Questions about the code implementation

PKU-ICST-MIPL / FGCrossNet_ACMMM2019

Source code of our ACM MM 2019 paper "A New Benchmark and Approach for Fine-grained Cross-media Retrieval".

56 stars 23 forks source link

Questions about the code implementation #5

Closed amyzx closed 2 years ago

amyzx commented 2 years ago

Hi, sorry to bother you. I have the following 4 questions.

I found in your dataset.py, Line 52 seems to be wrong because it needs to be in a for loop. Please check this line If this is correct, it means that CudaTextDataset only processes the last text.
I am curious about the parameter max_length in CudaTextDataset. Why it is 448? Can I change it to other number such as 64 or 128?
Can I process text by calling processtxt before calling forward function? I hope processed text could have the same dimension as images, such as [3, 448, 448].
Can I change the crop_size from 448 to 48, and scale_size from 512 to 64? I hope to reduce the input data. Will this change influence the model training accuracy?

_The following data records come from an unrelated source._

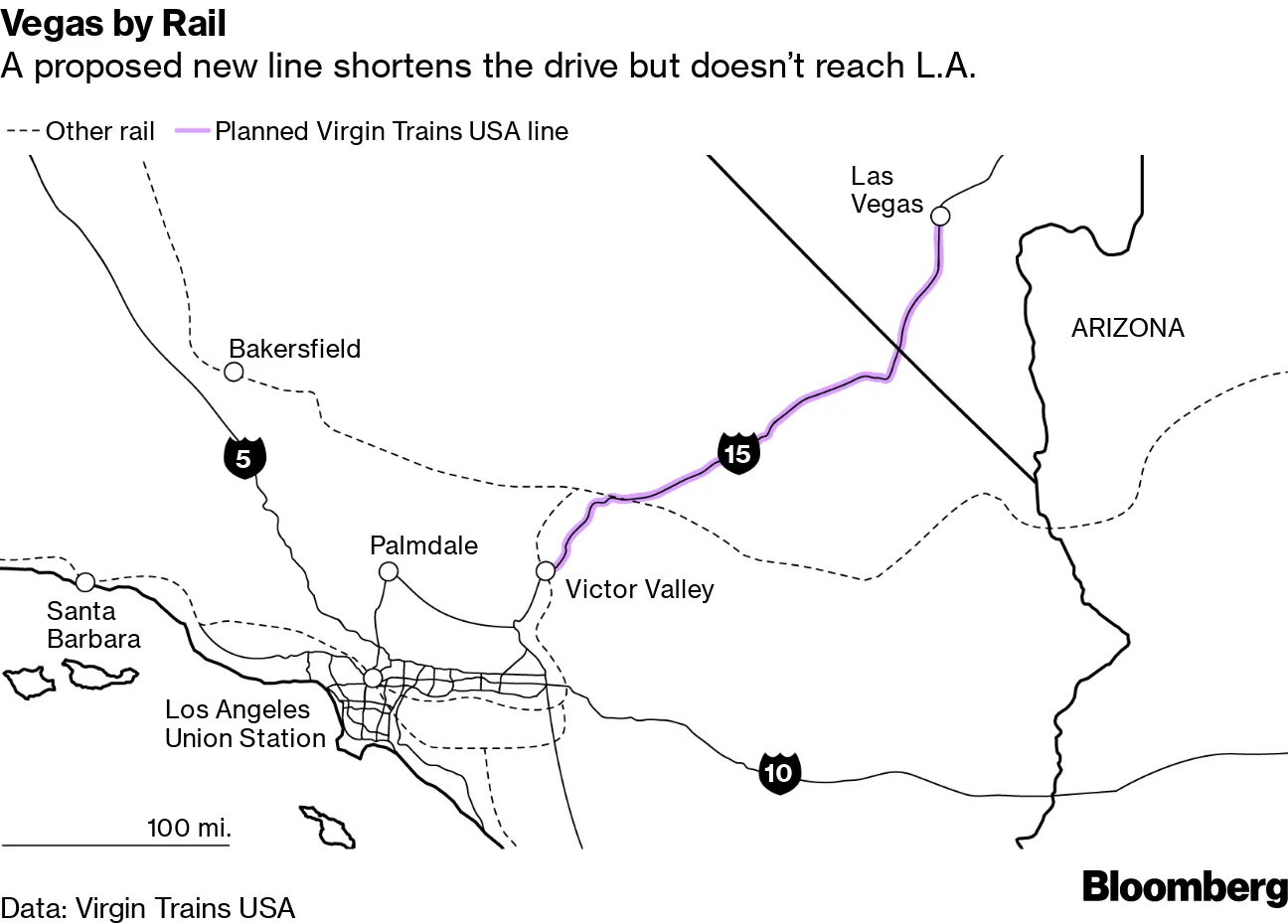 **赶快把加州人送到掷骰子桌上。**由堡垒支持的维珍火车美国公司计划建设一条170英里高速铁路,起点距离洛杉矶90英里,终点在拉斯维加斯。单程票价为60美元,行程持续90分钟。维珍火车计划为这项48亿美元的项目出售高达42亿美元的免税债务,预计将在2023年开始,历时三年。
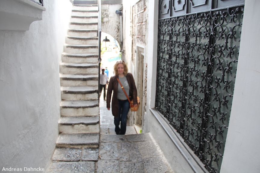 In der Gasse zur Piazza dei Dogi kommend von der Unterführung der Via Matteo Camera
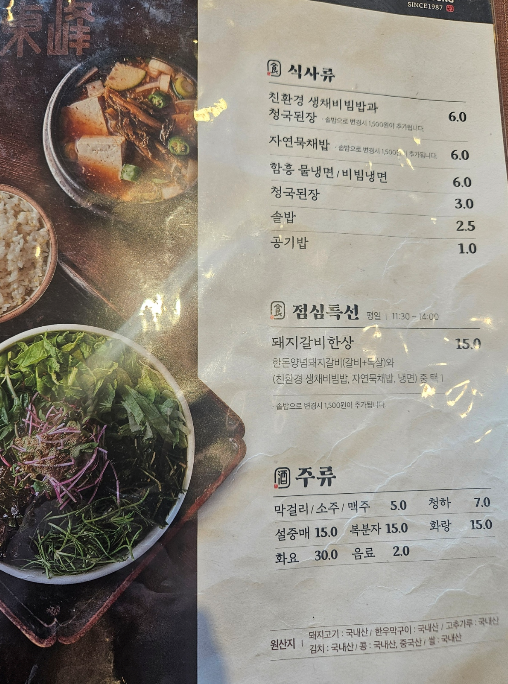저희는 친환경 생채비빔밥과 청국된장을 주문했습니다.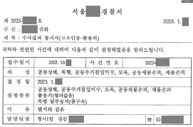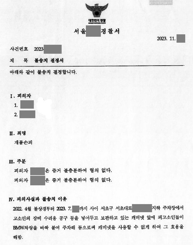 ④ 재물손괴에 대해서는 고소인이 캐비닛을 정상적으로 이용하는 블랙박스 영상 등을 제출하여 불송치결정(무혐의처분)을 받았으며, 고소인에 대하여 별도로 무고죄 고소를 진행 중입니다.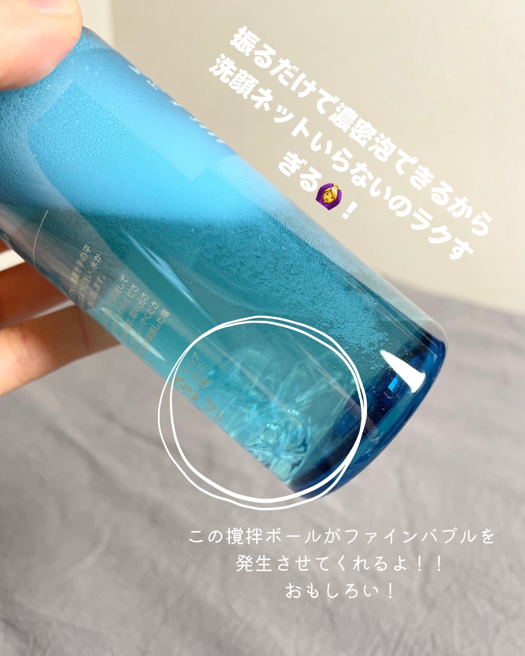 振って、ポンプを押すだけで綺麗な泡🫧 振ってファインバブルを発生させた細かいモコモコ泡で洗えるから擦らないで優しく洗えるの〜! 香りも柑橘系で気分もすっきり♡ 洗い上がりはしっとりしていてつっぱらないのも良かったポイント♪ 押すだけで綺麗な泡が出てくるから時短だし、楽だし、仕上がりもいいわで ズボラな私にはありがたい商品だ🥲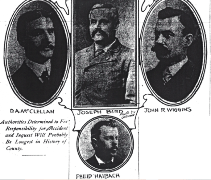 The Coroner’s inquest commenced August 18th in front of a surprisingly small crowd. After establishing the identity of the deceased the inquest moved onto witness testimony. First was the builder R. C. Ballinger. Most of the newspapers noted the familiarity with which the builders on the jury addressed him. Ballinger could not produce the plans of the structure claiming they had been destroyed during construction. He testified he built the stand under a commision agreement to pay Ballinger & Co. 7 ½ per cent of the total cost. Unlike the Pavilion, the plans for the bleachers were drawn by the builder, instead of an architect.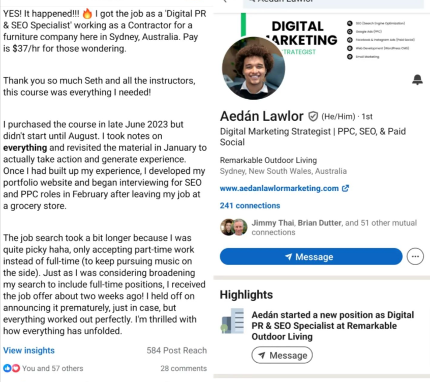 Seth Meeting FOUR STUDENTS Who All Got a Job at the Same Digital Marketing Agency in Orange Country, California.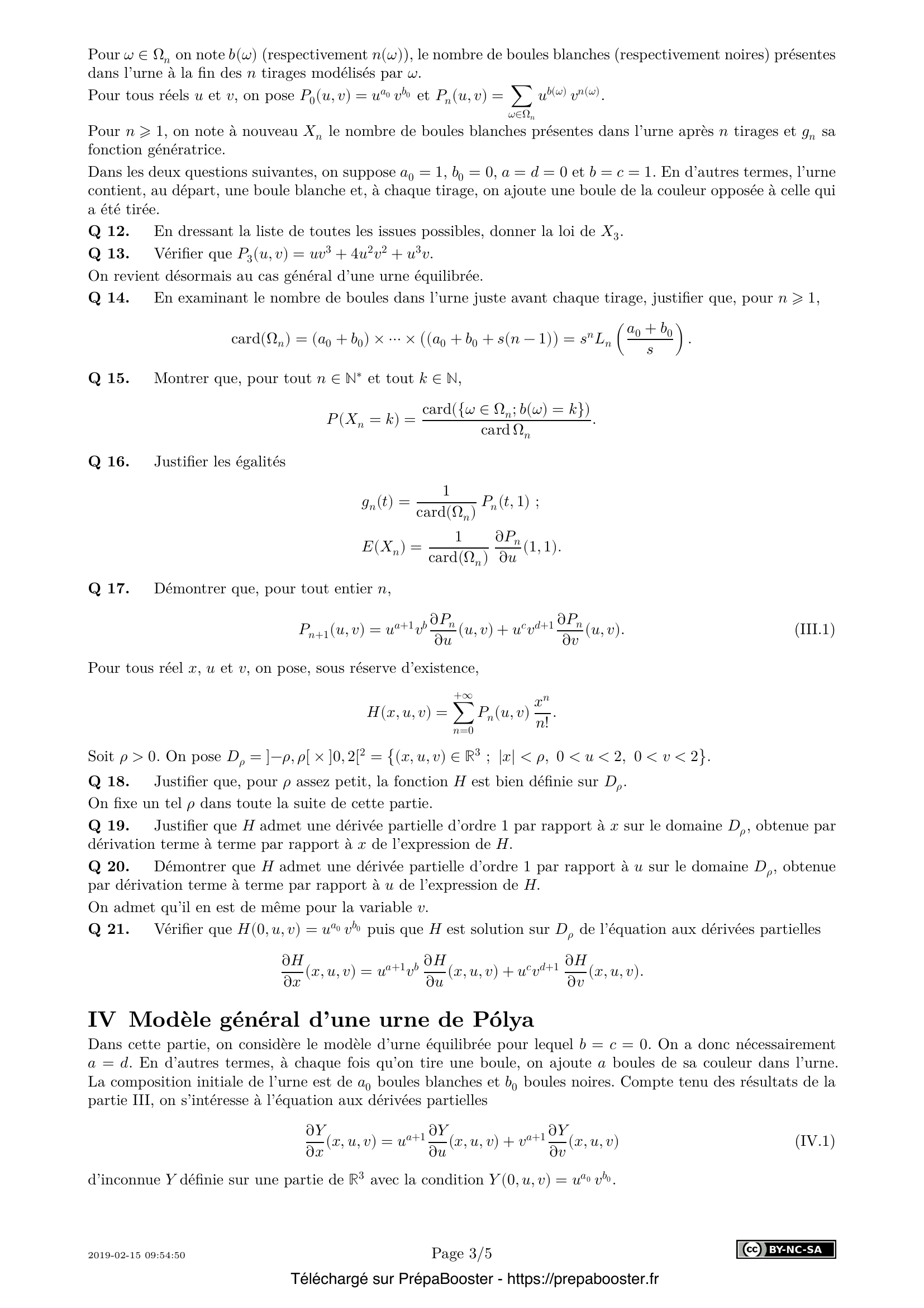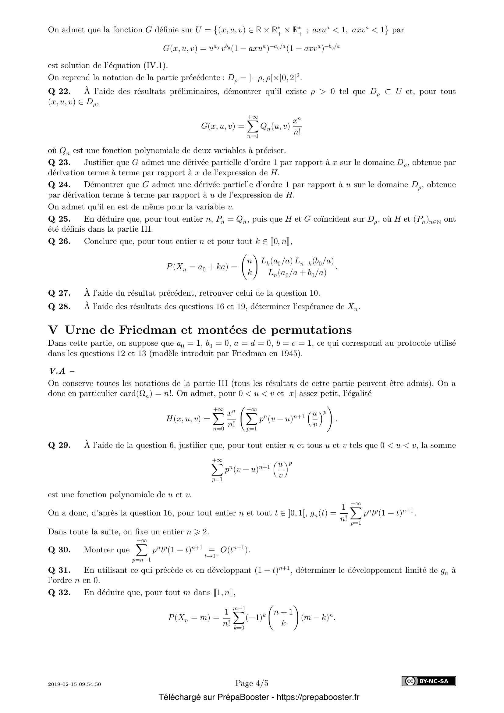 21. Vérifier que $H(0, u, v) = u^{a_0}v^{b_0}$ puis que $H$ est solution sur $D_\rho$ de l’équation aux dérivées partielles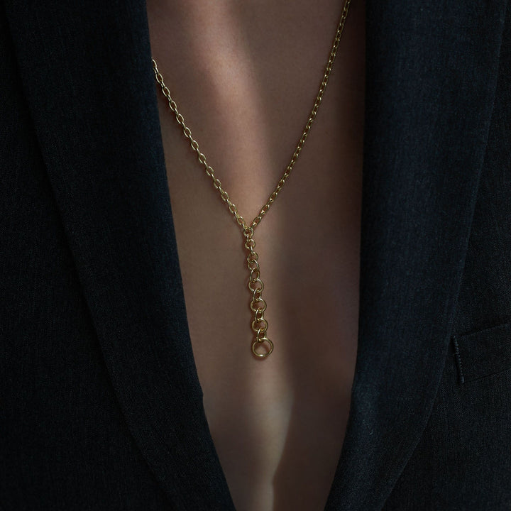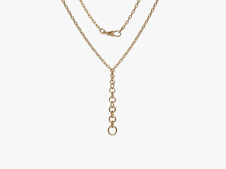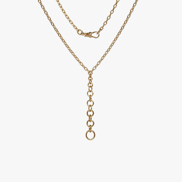 Handcrafted in 18k yellow gold with 70cm chain length, including an 18cm removable section. High polish finish with fob clasp.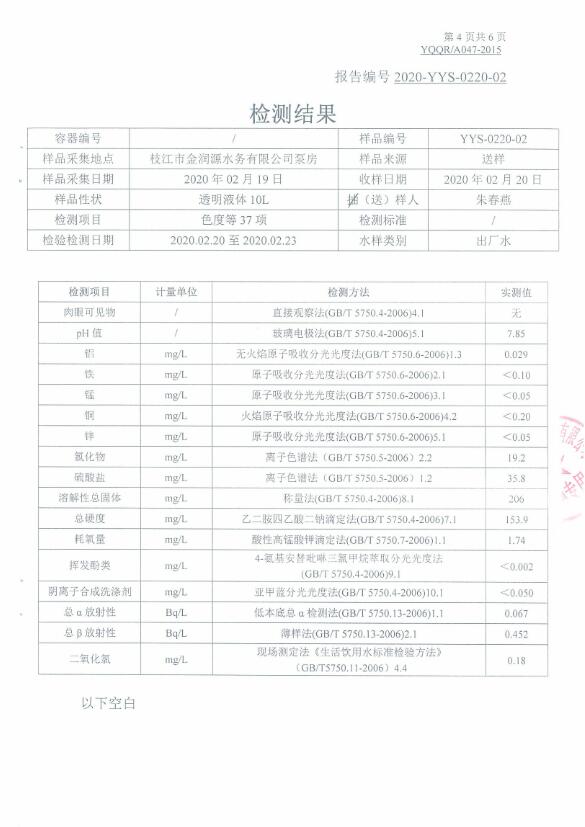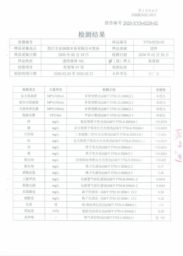 2020年2月水質(zhì)檢測報告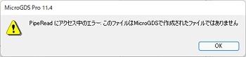 「PipeReadにアクセス中のエラー:このファイルはMicroGDSで作成されたファイルではありません」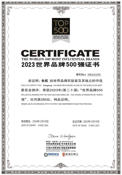 12月19日,世界品牌實(shí)驗室(World Brand Lab)2023年度《世界品牌500強》排行榜揭曉,48個(gè)中國品牌入榜,中國企業(yè)長(cháng)虹排名世界品牌榜第285位,較2022年上升1位。同時(shí),中國國航、長(cháng)虹、海爾智家等35個(gè)領(lǐng)軍品牌入選“2023年中國品牌年度大獎”。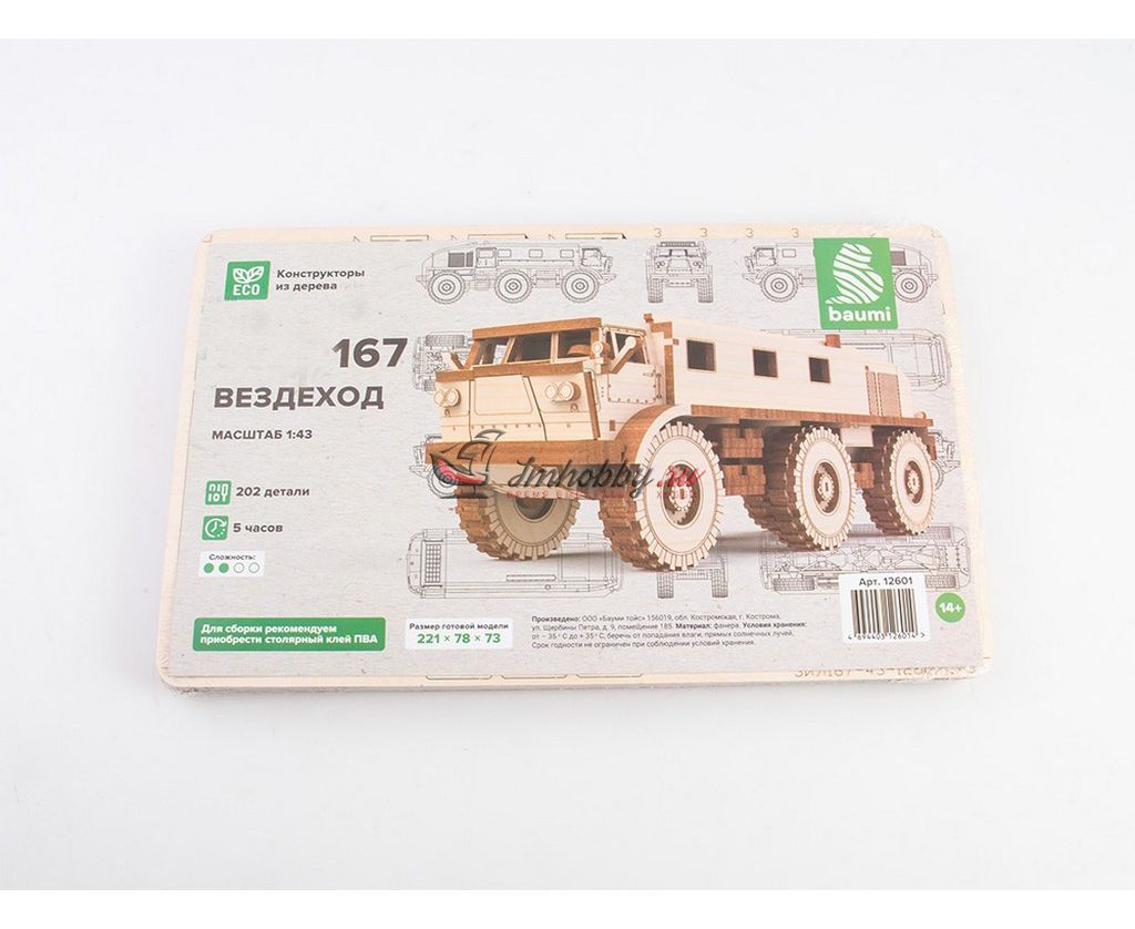 Сборная масштабная модель вездехода 167 из фанеры. Детали изготовлены методом лазерной резки. Для сборки понадобятся столярный клей ПВА, модельный нож, надфиль (или наждачная бумага/губка). При желании модель можно окрасить или покрыть морилкой/лаком.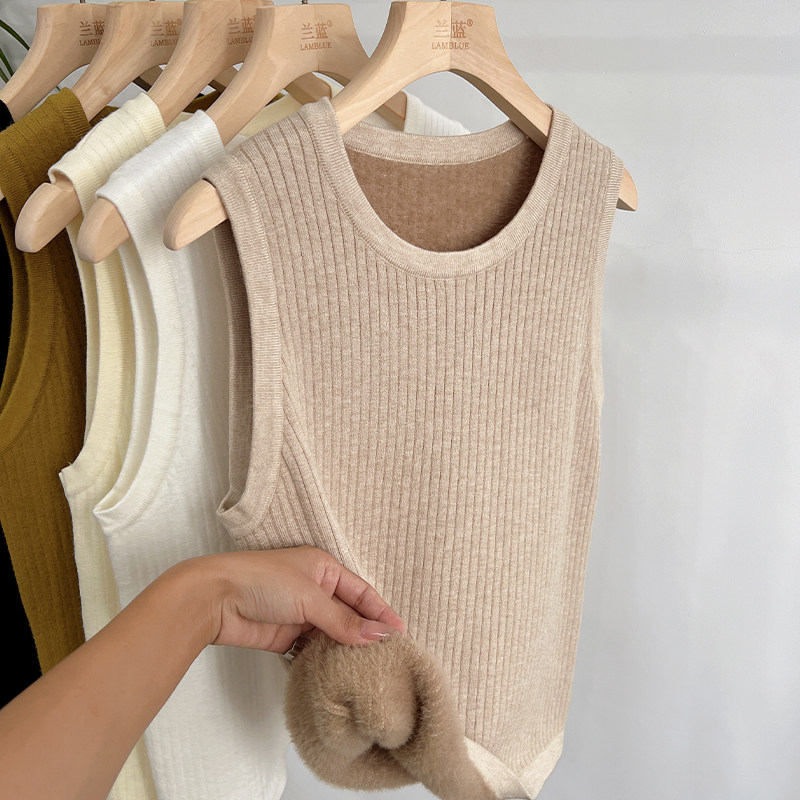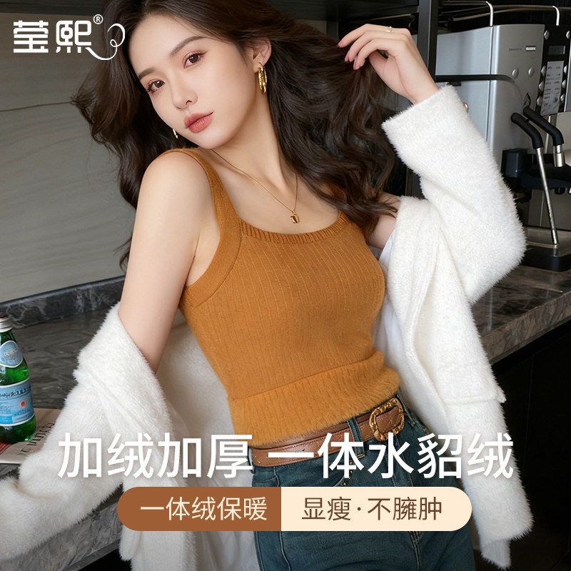 2025新款秋冬一体水貂绒加绒加厚保暖气质吊带背心女显瘦百搭上衣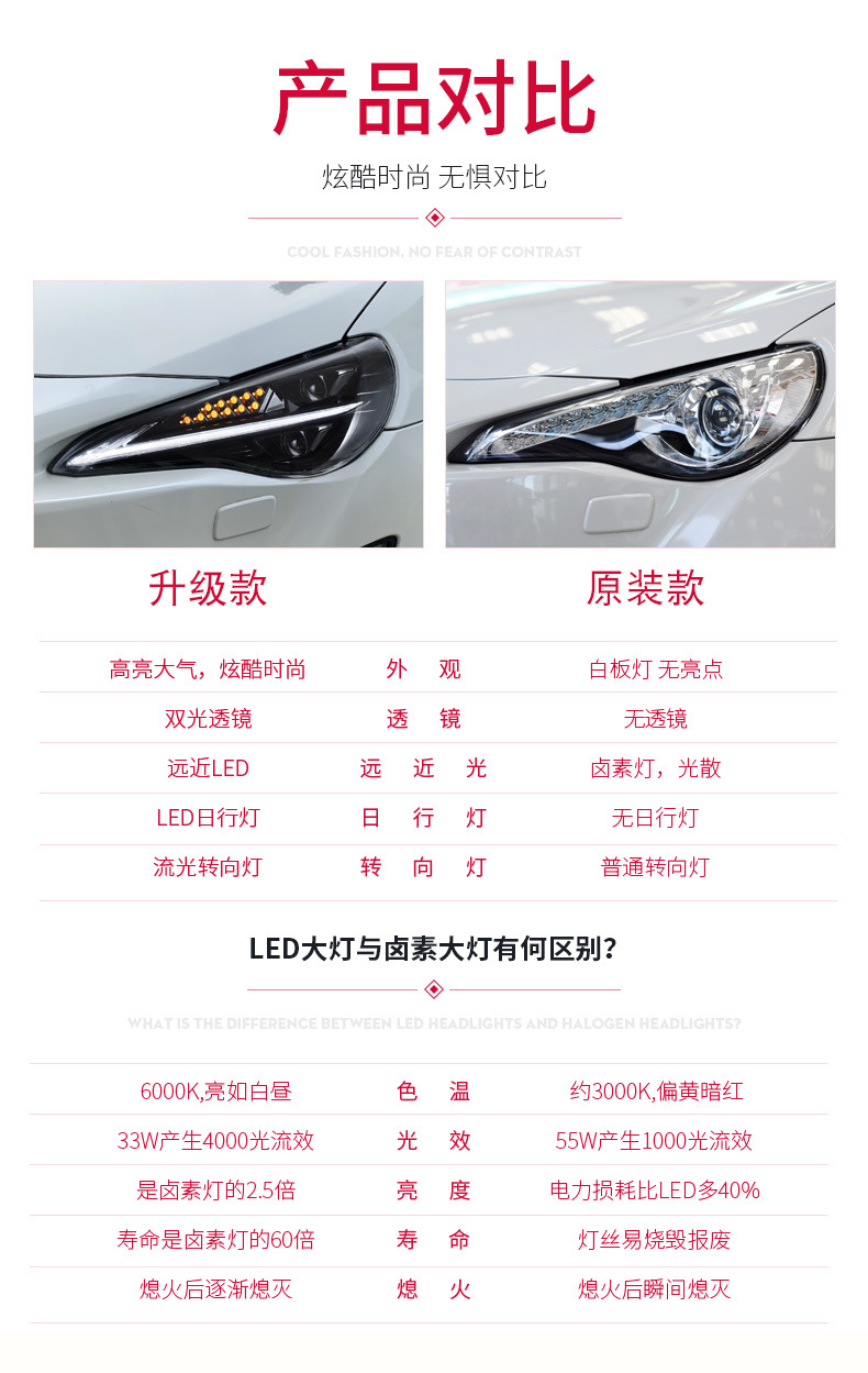 - Enhanced Styling: Features modern LED daytime running lights and dynamic sequential turn signals, transforming your vehicle’s front-end aesthetics with a sleek, upgraded, and eye-catching look.

Looking forward to your reply, thanks!

thebestYezhang commented 2 years ago

Hello, I am also curious about their work. About your questions 2，they had described in the paper, because they want to cover all items. So you can change it to smaller numbers. About the question 3, I think they did like you said. As for the last question, certainly it will decrease the score. So, are you doing this work up to now？Or you've done it?

amyzx commented 2 years ago

@thebestYezhang Hi, thanks for your reply. I tried to implement the method in question 3, but not finished until now. I am not working on this project right now.

Rose-bud commented 1 year ago

@thebestYezhang Hi, thanks for your reply. I tried to implement the method in question 3, but not finished until now. I am not working on this project right now.

Hi guys, I've recently wanted to do some work on fine-grained cross-modal retrieval based on this paper, but I've also encountered problems related to e.g. dataset acquisition, code reproduction after getting deeper into the paper, in your opinion, should I continue to go along with this paper? So far the dataset acquisition is much more complex than the other tasks.

Rose-bud commented 1 year ago

Hi guys, I've recently wanted to do some work on fine-grained cross-modal retrieval based on this paper, but I've also encountered problems related to e.g. dataset acquisition, code reproduction after getting deeper into the paper, in your opinion, should I continue to go along with this paper? So far the dataset acquisition is much more complex than the other tasks.